I suggest finding out if your father had a will.  In any case, cutting out the wife would be problematic at best.

Post # 7
Member
1537 posts
Bumble bee
  • Wedding: August 2015

Based on the wording of the will, I do not think the 30 day clause would apply to your father.  In regards to the per stirpes clause, your father would have had to pre-decease your grandmother in order for his inheritance to fall to his heirs (i.e. you). Since he did not, the inheritance from your grandmother seems like it would fall to your father and be subject to the provisions of his own will. 

 

Post # 8
Member
135 posts
Blushing bee
  • Wedding: May 2015

Not a lawyer, but I work in finance so I am somewhat familiar with this term.  Your understanding of the phrase “per stirpes” is correct, but the outcome will depend on the laws in your state as well.  I know that here most banks do not accept per stirpes as pertaining to accounts with them because it would be very difficult to obtain that information and organize the disbursement of funds.  POD accounts are more common here, where there is a beneficiary/beneficiaries on the accounts but if you are not named as the beneficiary, you will likely need to go through the legal system to obtain any of those funds.  Good luck with the lawyer!

Post # 10
Member
3935 posts
Honey bee
  • Wedding: June 2014

@adoc86:   Collect as much documentation as you can between now and your appt. with your lawyer.   

Post # 11
Member
9137 posts
Buzzing Beekeeper
  • Wedding: November 2013 - St. Augustine Beach, FL

@adoc86:  You may still be able to collect an elective share depending on which state you live in.  Make an appointment with a probate attorney ASAP.

Post # 12
Member
3210 posts
Sugar bee
  • Wedding: January 2014

I know nothing about your questions, but I just wanted to say, I’m so sorry for the loss of your grandmother and your father in such a short time.
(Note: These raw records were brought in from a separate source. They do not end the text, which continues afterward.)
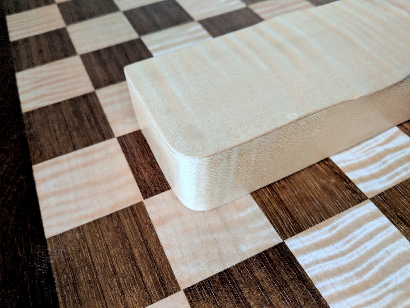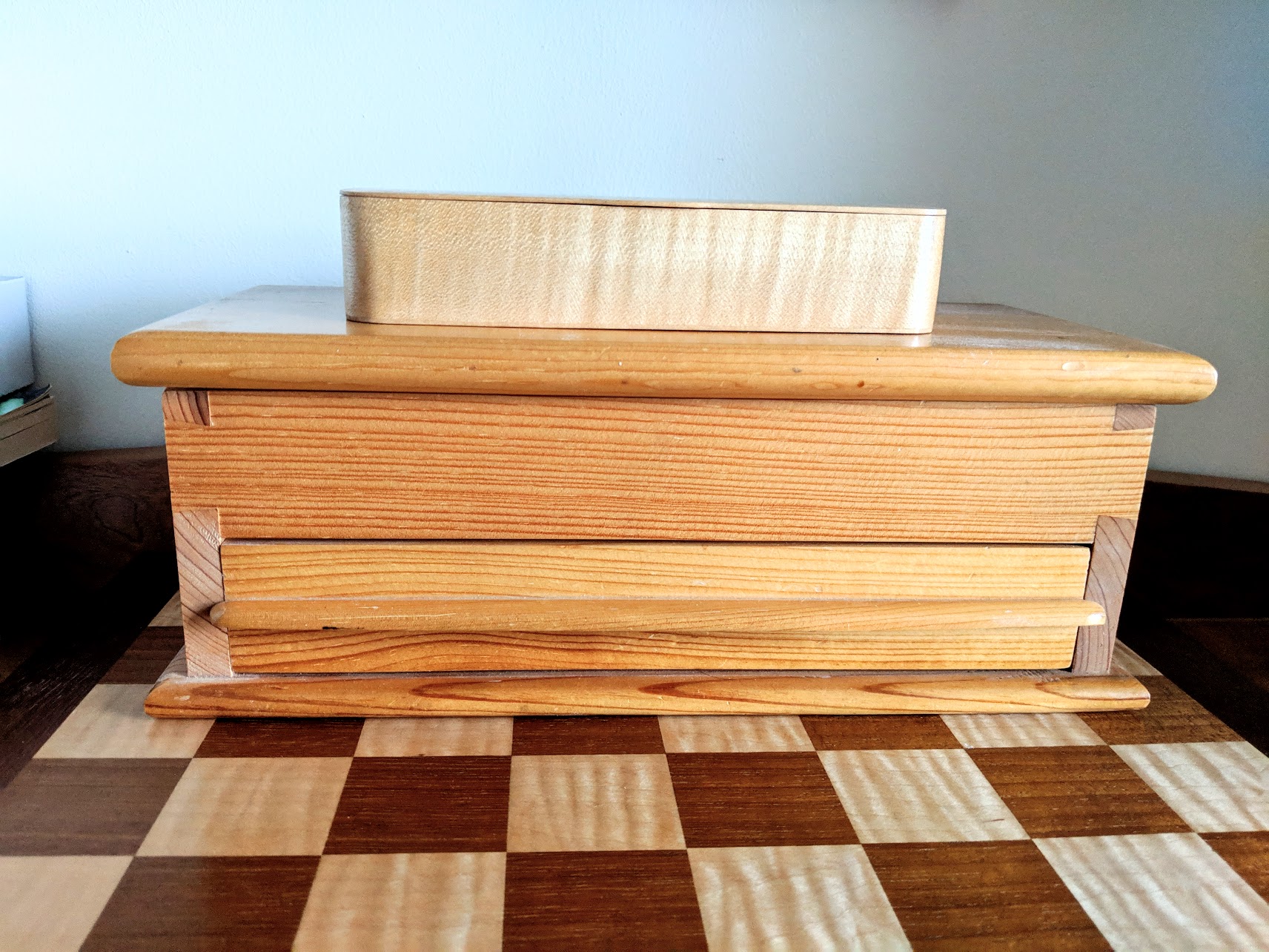 It was then obvious something was out. In reality the difference was not so great because placing them together showed twice the inaccuracy really. it was here that I developed a method I now use all the time for cross referencing my accuracy levels. For the four corners of any box I lay out the dovetails on one piece only. For a two sided box, a drawer, I still layout one set of tails. With the tails laid out and squared across the end I transfer the squared across lines onto a second piece. That done I flip the second piece around and offer it to the first. If the lines align with the second aligning the dovetails are accurate. If they are indeed accurate I flip them end for end and use the lines to mark the third and forth end pieces. This means that I measured the dovetails only once. It is fast and saves much repetitive measuring.
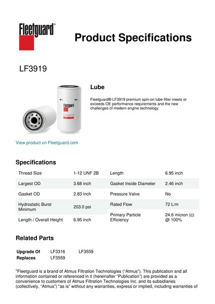 Fleetguard® LF3919 premium spin-on lube filter meets or exceeds OE performance requirements and the new challenges of modern engine technology.Specification
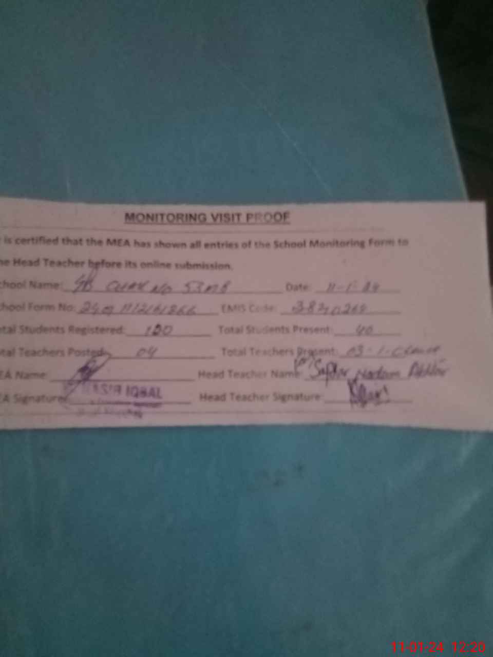 | Attendance Register | Head Teacher | MEA with School | Visit Proof |
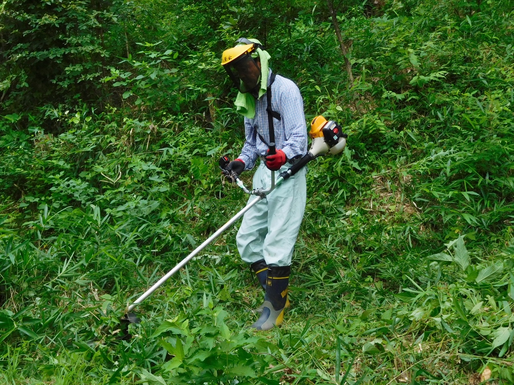 この日も暑い中15名の元気なおやじさんが集まり定例の活動を実施しました。作業は登山道にある円形展望台周辺の整備で 不要木の伐採、笹竹のカット、階段の除草などです。
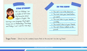 Ders programlarını, kişisel tanıtımları ve kuralları içeren metinleri okuma pratiği yapar.
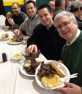 Priests and religious brothers often attend the annual muskrat dinners in Michigan, which have served more than 900 plates of muskrat on Fridays in February. (Photo by Father Tim Laboe, courtesy of Edward Peters)
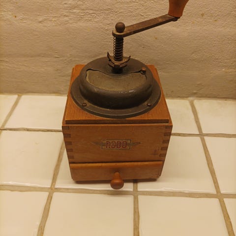 Antik kaffekværn og strygejern..
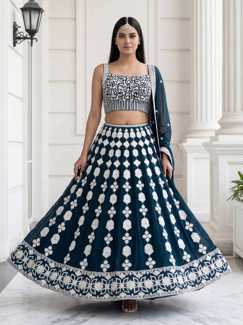 | Product Name | Green Thread Embroidered Georgette Party Lehenga Set Choli With Dupatta | |
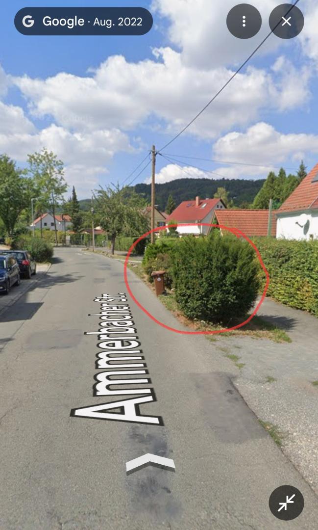 Markierter Bewuchs ist schon viel größer als auf dem Screenshot und ragt ins Lichtraumprofil der Straße.
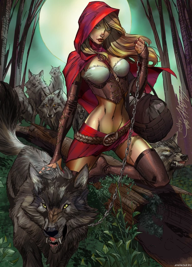Картинки и фото на тему Красная шапочка | Скачать аватары с Красной шапочкой | Red Riding Hood | Стильное изображение волков и центральная женская фигура
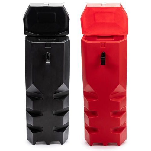 - Toppladdad brandsläckarbox för 9–12 kg släckare, avsedd för montering på kommersiella fordon.
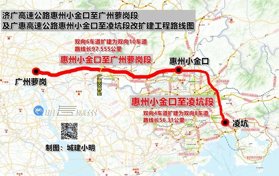 濟(jì)廣高速和廣惠高速公路擴(kuò)建工程:作為重點(diǎn)建設(shè)工程,其中濟(jì)廣高速公路小金口至蘿崗段將由雙向六車(chē)道擴(kuò)建為雙向十車(chē)道,廣惠高速公路小金口至凌坑段將由雙向四車(chē)道擴(kuò)建為雙向八車(chē)道,計(jì)劃今年底開(kāi)工,2029年12月投產(chǎn)。
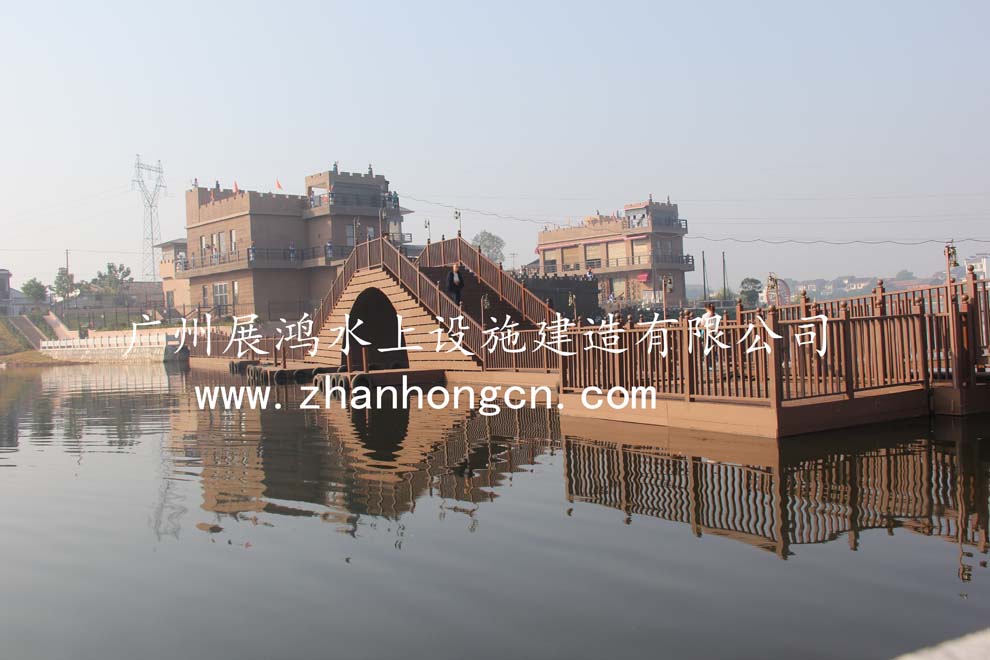 This floating bridge across the Lujiang river in Ancient Town, there is a big film base, the bridge can provide a big scene for the film.

My heart goes out to you.

Post # 14
Member
7531 posts
Bumble Beekeeper

@adoc86:  So sorry to hear about the recent loss of both your grandmother and your father.  I hope that you are also healing well.  It certainly has been quite a month.  I hope that you can get to keep the things from your grandmother’s estate, also.  Best Wishes.

Post # 15
Member
11 posts
Newbee
  • Wedding: October 2014

I did a quick brush up on wills and some quick searching into Penn. law. (but of course, given the situation I think visiting an actual lawyer with expertise in Penn. law is important). As your grandmother died before you father, under my understanding all of the property etc. would have passed to you father. If you father died without a will, then it looks like 50% of his estate will go to his surviving spouse, and 50% will go to his issue (who is not the child of the surviving spouse).